Seventeen years after Ralph Rucci became the first American designer since Mainbocher to show a couture collection in Paris, he is about to return to that stage this summer.
The designer has been approved, but he has not yet been awarded a date or time on the couture calendar, which runs June 29 through July 4. In a phone interview Thursday, Rucci said he will be happy with whatever fate is decided upon since he sees it as his destiny.
“It’s really quite extraordinary. I’m excited. It’s a new step in life,” Rucci said. “I need to do this because there is very little, if any, of an American couture left, and you must go there.”
Five years ago, the designer officially left his own company and now designs clothes under the RR331 label. His return to the European stage will be far from more of the same. “I’m not going to be bringing what I’ve already done in the couture — beading and feathers and all of that. I’m getting away from an element of decoration. I’m just bringing cut, a monastic quality, a reduction of decoration and more implementation of intensity, of drape — technique that the couture was founded on.”
Rucci is also planning on a great return to daytime clothes. “Do we really want to see one more satin dress as big as this room?” he asked, referring to the alternative.

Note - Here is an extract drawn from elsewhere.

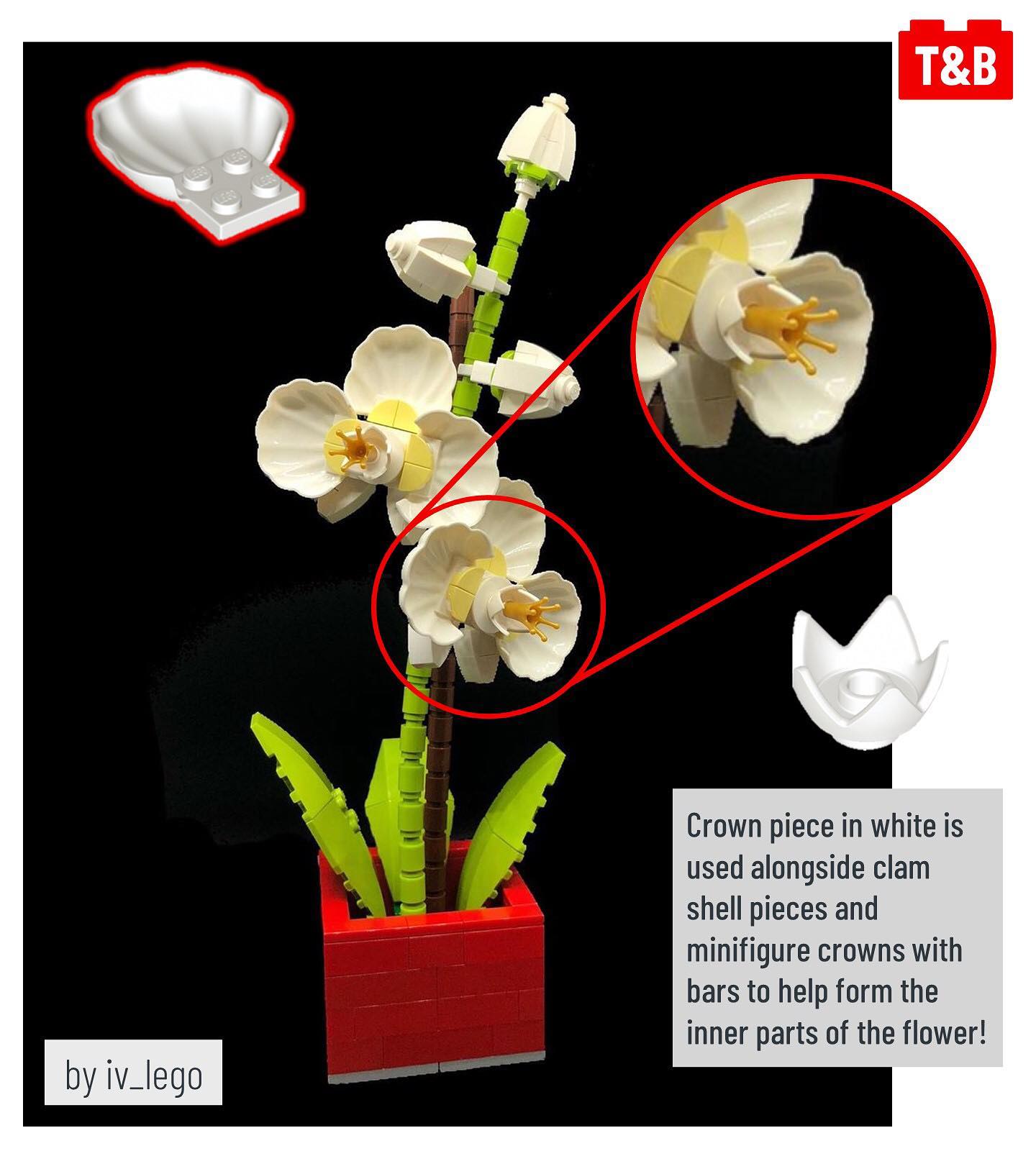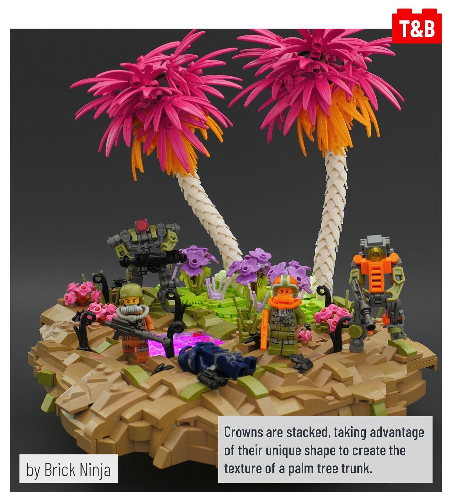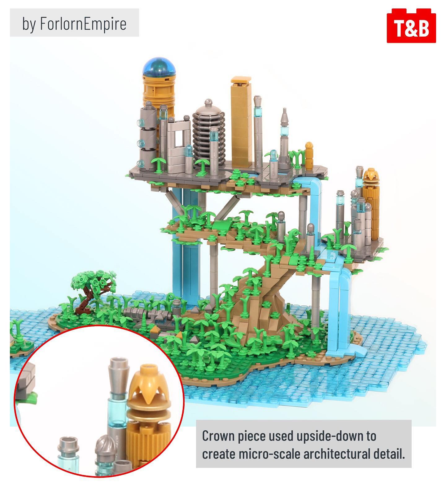 What do trees, crowns, flowers, buildings, and eggs all have in common? You can build them all, and more – using the crown with 5 points! This part was introduced as part of the Lego Movie 2’s Queen Watevra Wa’Nabi, but here, @brick.ninja uses lots of them to create textured tree trunks, and Linnea uses them to show hatching turtles (build available on Pehter Ambrahamsson’s Flickr page). Meanwhile, @forlornempire uses the piece to add detail to a microscale building, and @iv_lego uses it to build beautiful flowers! Finally, TAFOL on Flickr uses the crown as intended, adding a cute and quirky touch to a frog that is much bigger than the crown.

The abbreviated name of his label underlines the designer’s new pared-down approach. Referring to his experience designing for his private clients over the past few years, Rucci said, “It’s rare that they come to you for an elaborate evening dress. Women of couture really want great double-faced cashmere coats, or embroidery that is so subtle, or a mosaic of leather,” he said.
What he hears more often than anything else in terms of requests is that clients prefer to select a painting from Rucci, who is also an artist, that he then will have screen-printed on the cloth, whether that be double-faced wool or silk “to make the garment look like a painting, but keep it subtle — nothing wild.” Rucci added that raincoats are popular with his clients.
Rucci declined to discuss the specifics, regarding his inability to use his name for business purposes. He also would not identify the current owners.
As reported in 2012, Nancy and Howard Marks made a capital investment in Rucci’s business through their holding company Deia LLC. In 2013, the Chado Ralph Rucci label dropped “Chado” in order to be known as Ralph Rucci. The following year the company’s namesake exited Ralph Rucci LLC and the collection was shuttered. Deia owns the multibrand showroom Goods and Services, as well as the women’s ready-to-wear label Sies Marjan.
For his return to couture, the designer will introduce “a very hidden way of using fur delicately. It’s not in-your-face or a mixture of decoration.” That will be achieved with his 22-year collaborator for fur, Nick Pologeorgis.
While artists such as Cy Twombly are a continual source of inspiration for Rucci, he has been drawn to Japanese basketry as of late, more specifically the look of an unfinished basket and how the reeds go off in different directions can be translated into similar silhouettes. In terms of the palette, Rucci said it will be a mixture of Renaissance on top of Renaissance — as in Italian, French and the Netherlands Renaissance. He is also taking references of Renaissance jewelry and silhouettes, but subdued.
The designer is creating gowns for legends of the ballroom community and fashion runways who will join in a show for “L’Hommage…A Night of Celebration, Unity and Love” on May 11 at Judson Memorial Church in New York. The runway show and vogueing competition will be part of a cocktail party event that will benefit the LGBTQ community. Rucci said that endeavor has influenced what he is about to start with couture. The transsexual women are known in this country and across the world for being dressed in dazzling ideas like beads and feathers and duh, duh, duh, da. What I wanted to do was to take that away especially with two of them who are quite renowned now. I used heavy matte black, crepe bias spiraling seams for the shadow and the drape. I said, ‘This is a rediscovery of what I first started.’ My first collection in 1980 was entirely about that. In a way, I’m going back to my very first attempt in fashion and it feels right, especially now with couture looking so decorative.”
As for whether a solution could be reached that would allow him to use his name again, Rucci said, “It would be wonderful if it were resolvable. What I would be much more happy with would be the return of my archives. Those are my children and that is a big psychological difficulty for me not having my clothes, the special things that I worked so closely on.”